Some natures can receive a fair lady's refusal with a good-natured shrug, as merely the result of a bad venture, and hope for better luck next time; but to a greater number this is impossible, especially if they are played with and deceived. Walter Gregory pre-eminently belonged to the latter class. In early life he had breathed the very atmosphere of truth, and his tendency to sincerity ever remained the best element of his character. His was one of those fine-fibred natures most susceptible to injury. Up to this time his indiscretions had only been those of foolish, thoughtless youth, while aiming at the standard of manliness and style in vogue among his city companions.
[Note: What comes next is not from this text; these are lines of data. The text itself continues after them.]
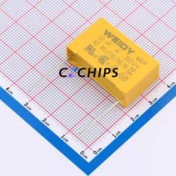 ตัวเก็บประจุนิรภัยแบบ Through hole (THT) รุ่น W42Q3105KS8L00A0W0, ระยะขา P=27 มม. ความจุ 1uF ค่าความคลาดเคลื่อน 10% แรงดัน 310V รุ่น X2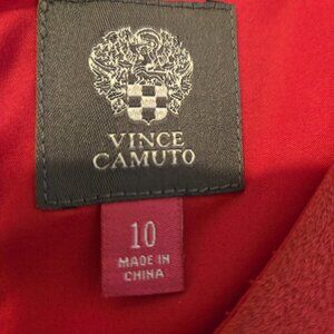 Vibrant and elegant, this Vince Camuto sleeveless dress in coral features a flattering A-line silhouette, hidden front pockets, and an exposed gold back zipper for modern flair. Fully lined with a touch of stretch for comfort and ease of movement.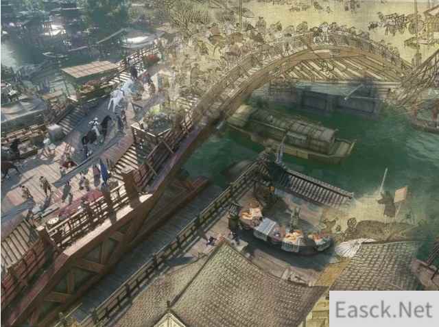 原来在《历史那些事》中,对于宋朝场景的还原部分使用了《逆水寒》游戏内的实录场景,比如在介绍名画清明上河图中,就使用了《逆水寒》主城汴京上的虹桥场景。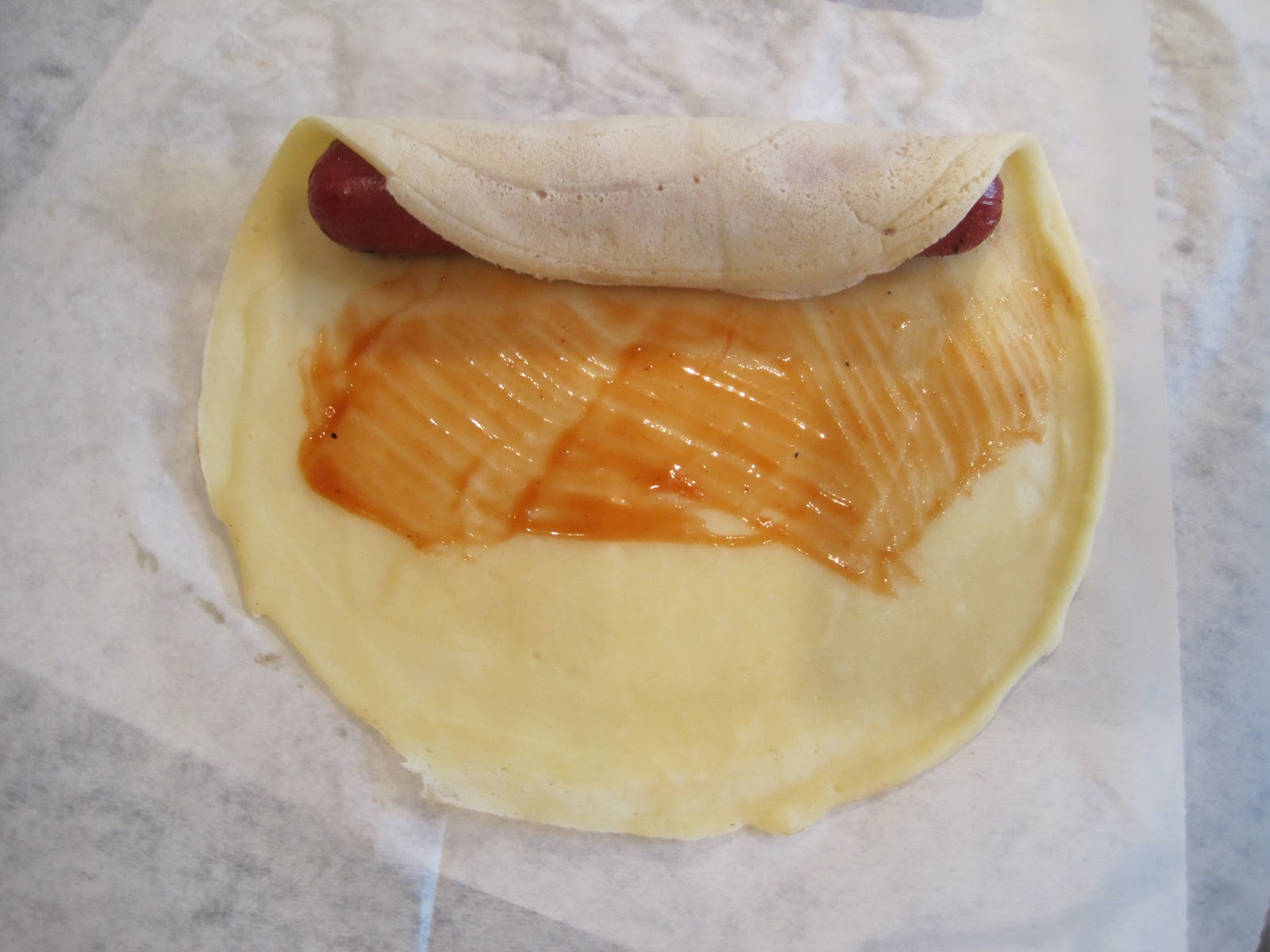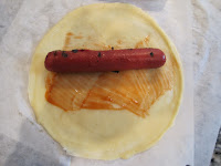 - Roll the blintz wrapper around the hot dog pressing to seal.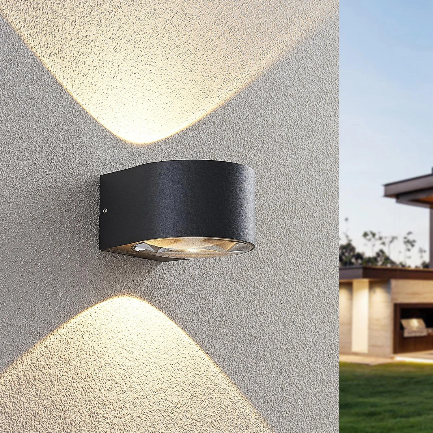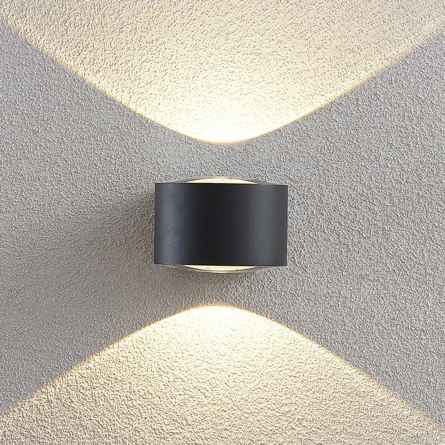 La lampe Astrida est composée d’un corps cylindrique en aluminium moulé sous pression. Une lentille en verre est placée respectivement en haut et en bas, ce qui assure un éclairage particulièrement beau et clairement délimité. Cet effet lumineux est déjà visible de loin et fait de la façade d’une maison un objet élégant, même la nuit. Les environnements modernes profitent particulièrement du look original de cette applique conçue pour l’extérieur. La lampe Astrida bénéficie ainsi d’une bonne résistance aux chocs (IK06) et grâce à la possibilité de câblage traversant, elle peut être installée facilement en plusieurs exemplaires.

High-spirited young fellows, not early braced by principle, must pass through this phase as in babyhood they cut their teeth. If there is true mettle in them, and they are not perverted by exceptionally bad influences, they outgrow the idea that to be fast and foolish is to be men as naturally as they do their roundabouts.
What a man does is often not so important as the state of the heart that prompts the act. In common parlance, Walter was as good-hearted a fellow as ever breathed. Indeed, he was really inclined to noble enthusiasms.
If Miss Bently had been what he imagined her, she might have led him swiftly and surely into true manhood; but she was only an adept at pretty seeming with him, and when Mr. Grobb offered her his vast wealth, with himself as the only incumbrance, she acted promptly and characteristically.
But perhaps it can be safely said that in no den of iniquity in the city could Walter Gregory have received such moral injury as poisoned his very soul when, in Mr. Bently's elegant and respectable parlor, the "angel" he worshipped "explained how she was situated," and from a "sense of duty" stated her purpose to yield to the wishes of her friends. Gregory had often seen Mr. Grobb, but had given him no thought, supposing him some elderly relative of the family. That this was the accepted suitor of the girl who had, with tender, meaning glances, sung for him sentimental ballads, who had sweetly talked to him of religion and mission work, seemed a monstrous perversion. Call it unjust, unreasonable, if you will, yet it was the most natural thing in the world for one possessing his sensitive, intense nature to pass into harsh, bitter cynicism, and to regard Miss Bently as a typical girl of the period.